Node type distribution: {1: 153431, 2: 23831, 3: 55703}
Label distribution: {0: 13101, 1: 3550, 2: 3302, 3: 15181, 4: 2322, 5: 3597, 6: 3952, 7: 2138, 8: 11187, 9: 2246, 10: 4928, 11: 2964, 12: 1696, 13: 2731, 14: 4854, 15: 28272, 16: 1003, 17: 2639, 18: 13999, 19: 10308, 20: 1596, 21: 4066, 22: 8222, 23: 12146, 24: 328, 25: 1659, 26: 4239, 27: 5962, 28: 4673, 29: 5101, 30: 2846, 31: 4570, 32: 1575, 33: 4960, 34: 3429, 35: 4202, 36: 4180, 37: 4233, 38: 12797, 39: 3099, 40: 5112}


### Features of Reddit_Data

Features shape: (232965, 602): 232,965 Nodes with 602 features each 

Node IDs shape: Each Node have a unique ID 

Label distribution: Number of nodes in each label class (40 Classes in total)

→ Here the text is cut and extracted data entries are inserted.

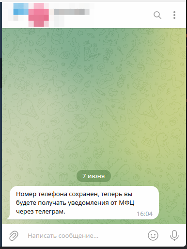 Когда данные будут обработаны придет уведомление в чат с заявителем. Далее все уведомления с алгоритмом "Отправление сообщений через телеграм бота" будут приходить в этот чат.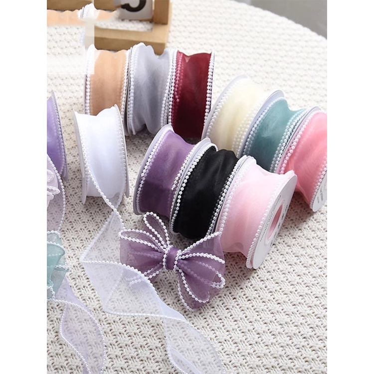 40mm Wide Pearl Edge Silk Organza Ribbon Bow Material Ribbons for Hair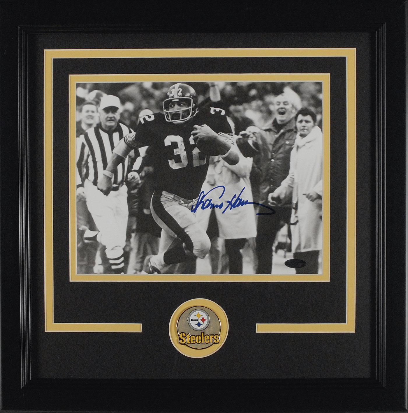 Glossy 10 x 8 photo of Harris returning the ‘Immaculate Reception,’ signed in blue felt tip. Double matted and framed with a Steelers pin, to an overall size of 16.25 x 16.25. In very fine condition, with a Steiner hologram affixed to lower right corner.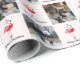 Papel de embrulho fotográfico de Natal com flamingos cor-de-rosa em roupas de Papai noel em fundo rosa e as palavras "Feliz Natal". Basta adicionar suas fotos, adicionar este papel de embrulho ao seu carrinho e preparar-se para a doação de Natal! Papais noeis cor-de-rosa Flamingo Foto de Natal Moldagem Papel Feriado Design | ©Melissa Patton — Artista/Ilustrator

### Examining reddit_graph.npz
This contains the structure of the graph - Represent it as a sparse matrix and examine the connectedness 

In [20]:
graph_data = np.load('reddit/reddit_graph.npz')

print("Columns of reddit_graph:", graph_data.files)

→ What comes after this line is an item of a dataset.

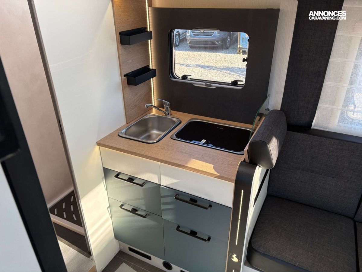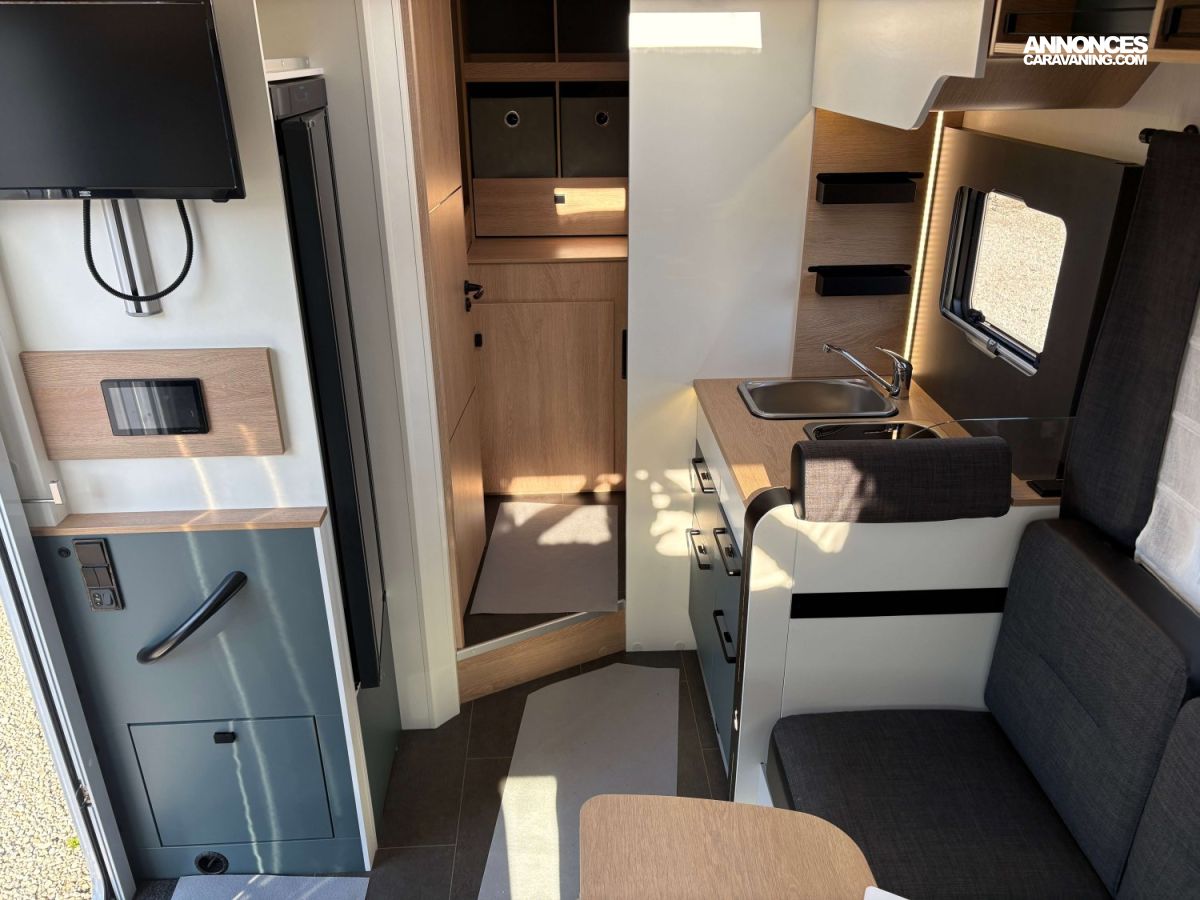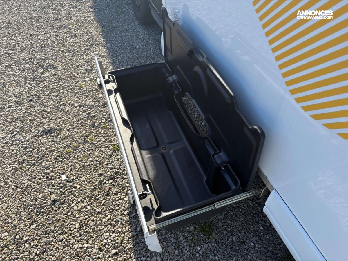 Safety Pack, Chauffage Truma 4, Réfrigérateur Trimix 133 L, Store, Tiroir bas de caisse, Réservoir eaux usées hors gel, Caillebotis, Chauffage : Truma 4000, Douchette extérieure, 2x panneaux solaires 100W HP, Cabine gris magnétic, Convertisseur, Occultations coulissantes, Pack déco Trail, Pneus 4-saisons + TPMS + frein elec, Radio Pioneer 9’’ + caméra recul

Columns of reddit_graph: ['format', 'col', 'data', 'shape', 'row']


In [21]:
row = graph_data['row']
col = graph_data['col']
data_values = graph_data['data']
shape = tuple(graph_data['shape'])

In [23]:
sparse_matrix = coo_matrix((data_values, (row, col)), shape=shape)

print("Sparse matrix shape:", sparse_matrix.shape)
print("Number of non-zero elements:", sparse_matrix.nnz)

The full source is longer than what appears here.